__AIM OF THE TASK__: Without copying any picture, return all lines below exactly.

====== ENTRIES PROVIDED ======

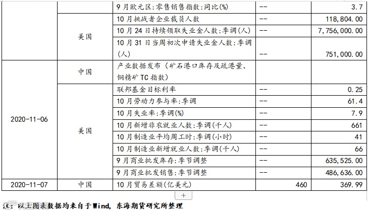 5. 11月6日(周五):产业数据发布(矿石港口库存及疏港量、铜精矿TC指数)、11月美联储公布利率决议、美国10月失业率、美国10月新增非农就业人数
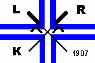 The flag reported 1977 was quarterly divided into blue and white and has an additional white stripe at the hoist. In the centre of the quarters is a blue shield containing the inscription "LRC 1875" and a pair of crossed oars.
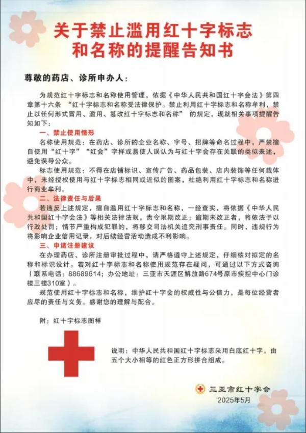 一是针对全市个别药店、诊所等机构可能存在的滥用红十字标志(名称)行为,展开清理规范。6月初,三亚市红十字会积极部署,组织专人对市城区主要街道的药店、诊所等商户的招牌展开全面排查,共发现9家商户存在违规使用红十字标志的情况。针对这一情况,市红十字会第一时间形成问题清单,主动联合市市场监督管理局和市卫健委,向9家商户发送告知书,清晰传达整改要求与规范标准,引导商户自觉纠正违规行为。经联合宣传和监督,截至目前,9家商户已全部完成整改。
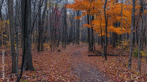 Fototapeta premium Autumn Forest Pathway Surrounded by Vibrant Colorful Foliage
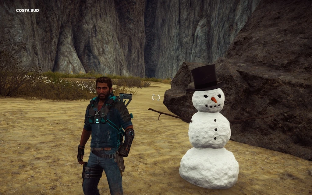 This is a continuation of the Easter Egg in Just cause 2. Mr. Snowman is located in southern Costa Sud, at the bottom of a canyon. If Rico approaches the Snowman it triggers the voice line "So we meet again, Mr. Snowman".

======

__COMPLETED EXERCISE__:
 5. 11月6日(周五):产业数据发布(矿石港口库存及疏港量、铜精矿TC指数)、11月美联储公布利率决议、美国10月失业率、美国10月新增非农就业人数
 The flag reported 1977 was quarterly divided into blue and white and has an additional white stripe at the hoist. In the centre of the quarters is a blue shield containing the inscription "LRC 1875" and a pair of crossed oars.
 一是针对全市个别药店、诊所等机构可能存在的滥用红十字标志(名称)行为,展开清理规范。6月初,三亚市红十字会积极部署,组织专人对市城区主要街道的药店、诊所等商户的招牌展开全面排查,共发现9家商户存在违规使用红十字标志的情况。针对这一情况,市红十字会第一时间形成问题清单,主动联合市市场监督管理局和市卫健委,向9家商户发送告知书,清晰传达整改要求与规范标准,引导商户自觉纠正违规行为。经联合宣传和监督,截至目前,9家商户已全部完成整改。
 Fototapeta premium Autumn Forest Pathway Surrounded by Vibrant Colorful Foliage
 This is a continuation of the Easter Egg in Just cause 2. Mr. Snowman is located in southern Costa Sud, at the bottom of a canyon. If Rico approaches the Snowman it triggers the voice line "So we meet again, Mr. Snowman".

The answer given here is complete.